By: Ben Traynor, BullionVault


-- Posted Monday, 13 June 2011 | | Disqus

London Gold Market Report

 

WHOLESALE MARKET gold prices fell Monday morning London time, dropping to $1525 per ounce – 2.3% off last month's record high – while stocks were flat and commodities mixed, as continuing economic worries prompted talk of catastrophe and economic stagnation.

 

Silver prices meantime dropped to $35.40 per ounce – 2.2% down on Friday's close.

 

"Disappointment selling from recent entrants" weighed on gold prices, reckons one bullion dealer here in London, citing gold's failure to sustain gains above $1555.

 

But low yields on assets such as government bonds "will continue to provide a gold supportive environment." 

 

Gold prices need "a sustained breach of $1550" bin order to gather sufficient momentum to continue their longer-term uptrend, reckons Ong Yi Ling, analyst at Phillip Futures in Singapore.

"Until then, gold could be range-bound with support established at $1525."

 

"Europe's debt crisis remains a long-term headache," adds Hwang Il Doo, senior trader at KEB Futures in Seoul, who says he continues to believe gold prices will "move much higher from the current level".

 

Greece meantime announced a €28 billion austerity program on Friday, which includes cuts to state pensions.

 

"Never in my life did I imagine that we would need to slash pensions in order for the state to continue to pay any pensions at all," said Greek prime minister George Papandreou in a newspaper interview on Sunday, adding that a Greek default would be "catastrophic".

 

The austerity program needs to approval of Greece's parliament before it can be implemented.

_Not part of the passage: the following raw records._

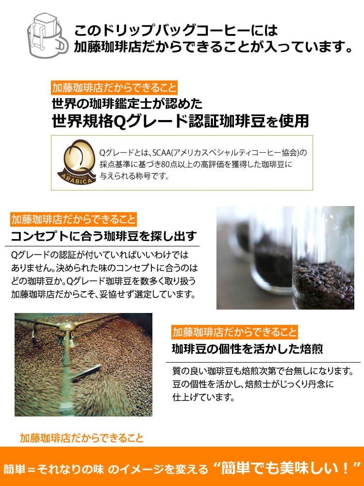 “簡単でも美味しい!”Qグレード珈琲豆を数多く取り扱う加藤珈琲店だから作れるドリップバッグコーヒーからお好みのお味を100杯分お届けします。
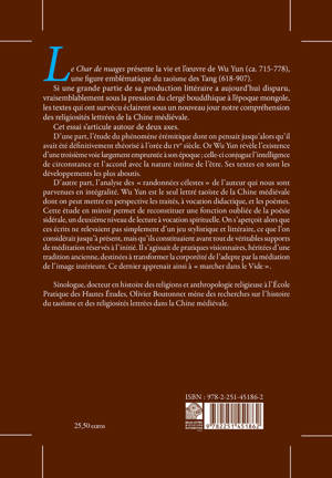 Le Char de nuages presente la vie et l'oeuvre de Wu Yun (ca. 715-778), une figure emblematique du taoisme des Tang (618-907). Si une grande partie de sa production litteraire a aujourd'hui disparu, vraisemblablement sous la pression du clerge bouddhique a l'epoque mongole, les textes qui ont survecu eclairent sous un nouveau jour notre comprehension des religiosites lettrees de la Chine medievale. Cet essai s'articule autour de deux axes. D'une part, l'etude du phenomene eremitique dont on pensait jusqu'alors qu'il avait ete definitivement theorise a l'oree du IVe siecle. Or Wu Yun revele l'existence d'une troisieme voie largement empruntee a son epoque; celle-ci conjugue l'intelligence de circonstance et l'accord avec la nature intime de l'etre. Ses textes en sont les developpements les plus aboutis. D'autre part, l'analyse des randonnees celestes de l'auteur qui nous sont parvenues en integralite. Wu Yun est le seul lettre taoiste de la Chine medievale dont on peut mettre en perspective les traites, a vocation didactique, et les poemes. Cette etude en miroir permet de reconstituer une fonction oubliee de la poesie siderale, un deuxieme niveau de lecture a vocation spirituelle. On s'apercoit alors que ces ecrits ne relevaient pas simplement d'un jeu stylistique et litteraire, ce que l'on considerait jusqu'a present, mais qu'ils constituaient avant tout de veritables supports de meditation reserves a l'initie. Il s'agissait de pratiques visionnaires, heritees d'une tradition ancienne, destinees a transformer la corporeite de l'adepte par la mediation de l'image interieure. Ce dernier apprenait ainsi a marcher dans le Vide.
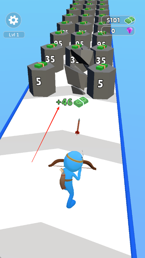 2、操控队伍前进,撞开带有金钱标识的障碍物,收集如红箭头所指的金钱【+46】,增加游戏货币。
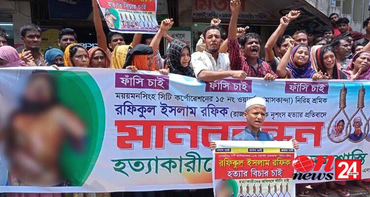 ময়মনসিংহে প্রেমের বিয়ের ঘটনার জের ধরে ছেলের মায়ের হাতে মেয়ের বাবা রাজমিস্ত্রী রফিকুল ইসলাম হত্যাকান্ডে জড়িতদের দৃষ্টান্তমূলক শাস্তির দাবিতে বিক্ষোভ মিছিল ও মানববন্ধন অনুষ্ঠিত হয়েছে।
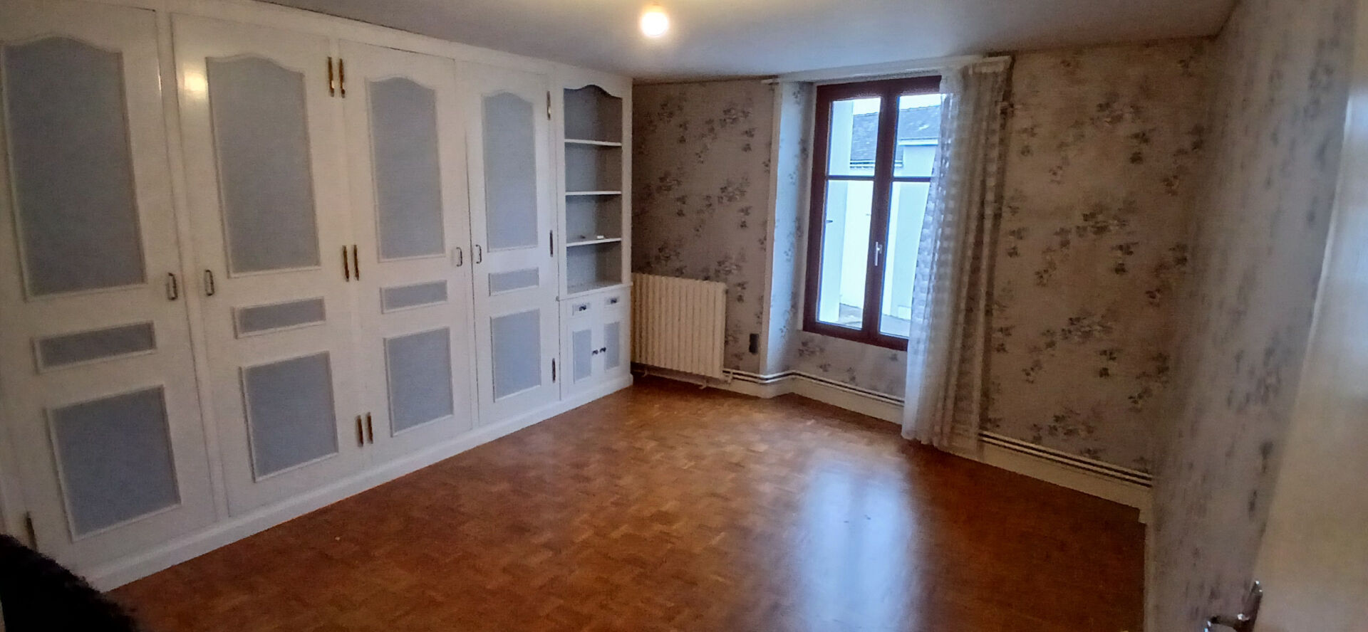 À l'étage : deux chambres à rénover avec parquet massif, accessible par un escalier en bois.

Financial aid pledged to Greece is subject to "strict conditions", including "massive and swift privatizations", new Bundesbank president Jens Weidmann told Germany's Welt am Sonntag newspaper on Sunday.

 

"If these commitments are not upheld, there will no longer be a basis for additional aid...Greece would have made its own choice and should assume the undeniably dramatic consequence of a default on its payments."

 

The United States, meantime, is "halfway to a lost economic decade", says former US Treasury Secretary Lawrence Summers, writing in the Financial Times.

 

Summers argues that "stimulus should be continued and indeed expanded", for example by cutting payroll tax for employers as well as employees.

 

"Discussions about medium-term austerity need to be coupled with a focus on near-term growth," he says, adding that recoveries have in the past been "murdered by the Federal Reserve with inflation control as the motive".

 

The government last December cut Social Security payroll tax from 6.2% to 4.2%, effective for one year.

 

The Congressional Budget Office projects that the federal deficit will hit $1.4 trillion this year, nearly 10% of US GDP.

 

Over in Beijing, meantime, data published by the People's Bank of China show Chinese lending in May was down sharply from a year earlier – 552 billion Yuan, compared to last May's figure of 639 billion. M2 – the PBoC's broadest measure of money supply – was up 15.1%, its slowest pace since 2008.

 

"This provides another data point highlighting the growth risk," says Tao Dong, economist at Credit Suisse in Hong Kong. 

 

"I think the economy is heading to a soft landing in the second half of 2011, but the risk of a hard landing seems to be on the rise."

 

The "sustained building of the middle class" in India and China should support gold prices, reckons Richard O'Brien, chief executive of Newmont Mining.

 

"Five years from now, $2,000 gold will probably be in reach."

 

Back here in London, the Bank of England's latest Quarterly Bulletin reports that there is "little evidence that inflation expectations are feeding through into wages" and that "long-term inflation expectations remain anchored by the [current] monetary policy framework".

 

The Bank's chief economist Spencer Dale however added a note of caution.

 

The risk of inflation expectations diverging significantly from the Bank's 2% target "remains a key area of concern", since inflation expectations "can only be assessed imperfectly.

 

Consumer price inflation in April was at 4.5% year-on-year, and has been above the Bank's upper tolerance of 3% for 14 consecutive months.

 

Ben Traynor

 

Editor of Gold News, the analysis and investment research site from world-leading gold ownership service BullionVault, Ben Traynor was formerly editor of the Fleet Street Letter, the UK's longest-running investment letter. A Cambridge economics graduate, he is a professional writer and editor with a specialist interest in monetary economics.

 

(c) BullionVault 2011

 

Please Note: This article is to inform your thinking, not lead it. Only you can decide the best place for your money, and any decision you make will put your money at risk. Information or data included here may have already been overtaken by events – and must be verified elsewhere – should you choose to act on it.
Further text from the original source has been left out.